Last month he gained that valuable Listed prize on Lingfield’s all-weather track despite what his jockey Martin Harley, Peter’s next-door neighbour described as “the worst ride of my career”, backed up as we came off the stands by John Gosden who said: “He must be some horse, winning after THAT ride”.

Harley found himself on the wide outside, gave his horse one tap and he flew several lengths clear. Coming into the last furlong he was screaming for the line, as the trainer says – “I thought even though he was only 85 per cent fit he would win. He did, my first Listed winner for 19 years – but only just!”

Peter hadn’t even got home before his phone started ringing with enquiries and when one agent made an appointment to come to look at the horse and learn the asking price, he instantly irritated the trainer.

“All my life I’ve made a point of keeping good time for my appointments. This guy showed up five minutes late and that is just disrespect because of who I am. Imagine if he’d kept Sir Mark Prescott or John Gosden waiting. He wouldn’t! The perception is still there though that the old Greek-Cypriot guy can wait. Quite a few of the agents have that upper-crust background too.”

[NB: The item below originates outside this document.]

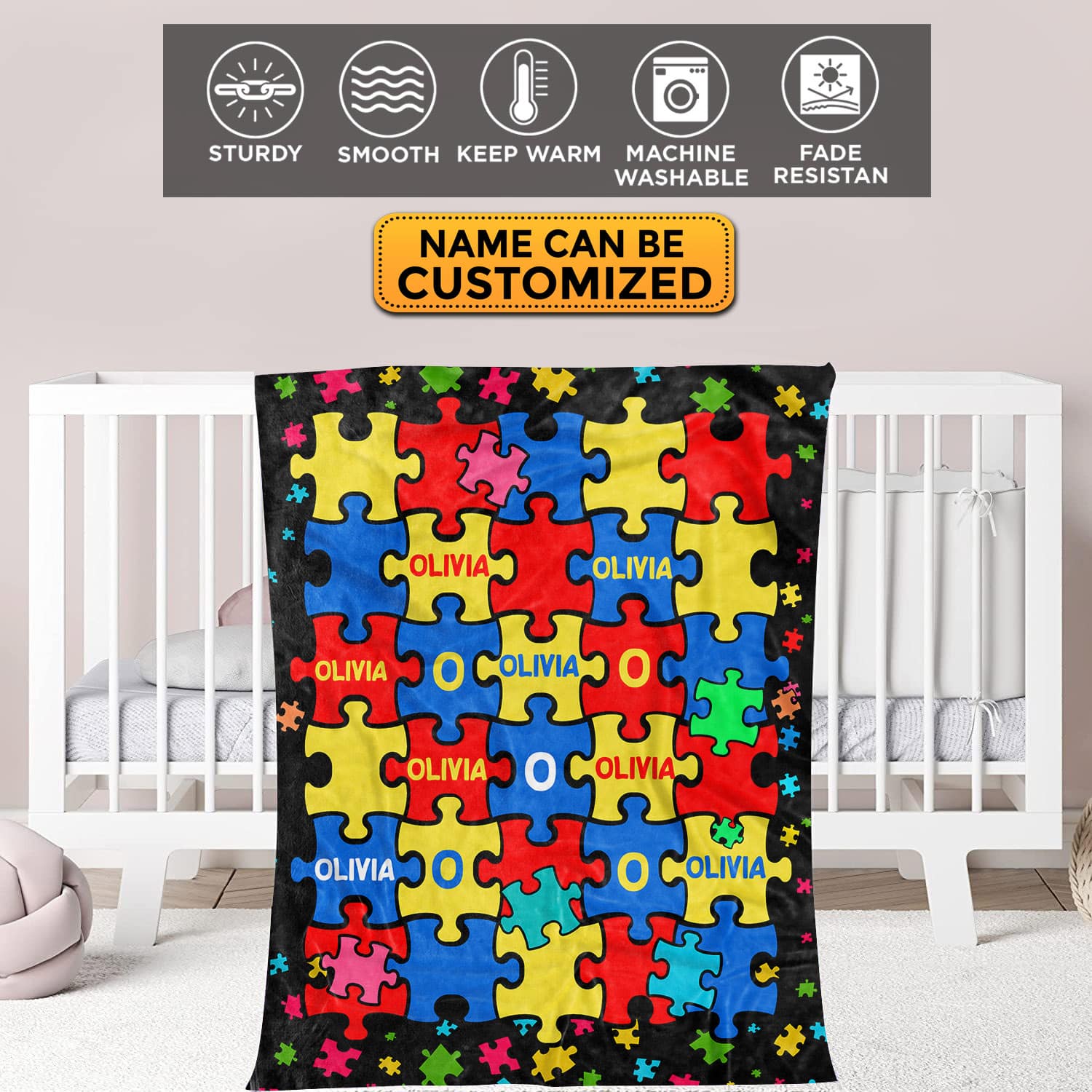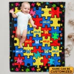 Let’s Shop Personalized Name Autism Blanket Puzzle Cure Awareness Flannel Throw Gift for Childs Teens Adults Super Soft Convenient Comfortable Bed Sofa Couch!

Charalambous says he still sees examples that the old discriminations are alive and well in racing “Where I’m concerned. I know it was during Covid but when Apollo One won at Salisbury last autumn we didn’t even get sent a photo. Trudie said more than a week later I must phone them to ask whether there was a trophy for the race.

“They must have hunted around for what was in the cupboard and I’ll be surprised if what we finally received was the trophy that was intended for the race. Again, think that if Charlie Hills’ horse, the even-money favourite had won, how quickly they would have made sure to send a suitable commemorative prize.

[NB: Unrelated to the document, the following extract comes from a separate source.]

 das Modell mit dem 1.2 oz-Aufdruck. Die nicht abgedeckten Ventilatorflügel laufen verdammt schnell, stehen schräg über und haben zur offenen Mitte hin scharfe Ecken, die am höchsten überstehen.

“For all the thrill of winning at Lingfield, you couldn’t help feel frustrated that there was absolutely nowhere to get something to eat or drink. I know owners weren’t allowed on track at the time, but when they could before that latest closure, very few tracks made any effort.

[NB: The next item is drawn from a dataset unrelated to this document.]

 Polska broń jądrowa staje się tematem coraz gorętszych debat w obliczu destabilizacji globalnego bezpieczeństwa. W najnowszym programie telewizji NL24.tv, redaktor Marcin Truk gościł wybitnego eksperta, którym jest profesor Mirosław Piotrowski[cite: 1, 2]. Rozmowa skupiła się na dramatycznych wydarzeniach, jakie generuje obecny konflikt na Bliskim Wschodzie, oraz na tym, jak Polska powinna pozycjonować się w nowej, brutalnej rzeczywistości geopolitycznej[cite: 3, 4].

“I’m an owner and trainer and I think it’s time that from Weatherbys down, through the racing journalists and television channels to the bookmakers that live off the sport, people realise that it’s only the owners that truly keep the show on the road and acknowledge the fact.

“Yet the television pundits can feel free without fear or favour to criticise horses that may have cost many thousands at the sales or as in our case 25k a year to keep in training having bred them.

Apollo One didn’t have much luck in his next race, the six-furlong race on All-Weather Championship day, having trouble in getting a run and finishing third, but back up to seven furlongs the trainer has no doubt that he’ll return to winning form.

And another horse that has already started to appreciate Peter’s training skills this year is his French acquisition Classical Wave, a Juddmonte cast-off. “We had a right touch with him first time at Wolverhampton – at much bigger than the 5-1 SP! – and another at Lingfield soon after.”

Classical Wave was only denied in the last strides in the hat-trick attempt back there on Saturday but he too looks like having a very rewarding year.

“Who’d be an owner?” asks Peter, “ It’s madness really. But then an Apollo One comes along and suddenly it’s all been worthwhile”. Happy man, Mr Charalambous – finally! -IRC.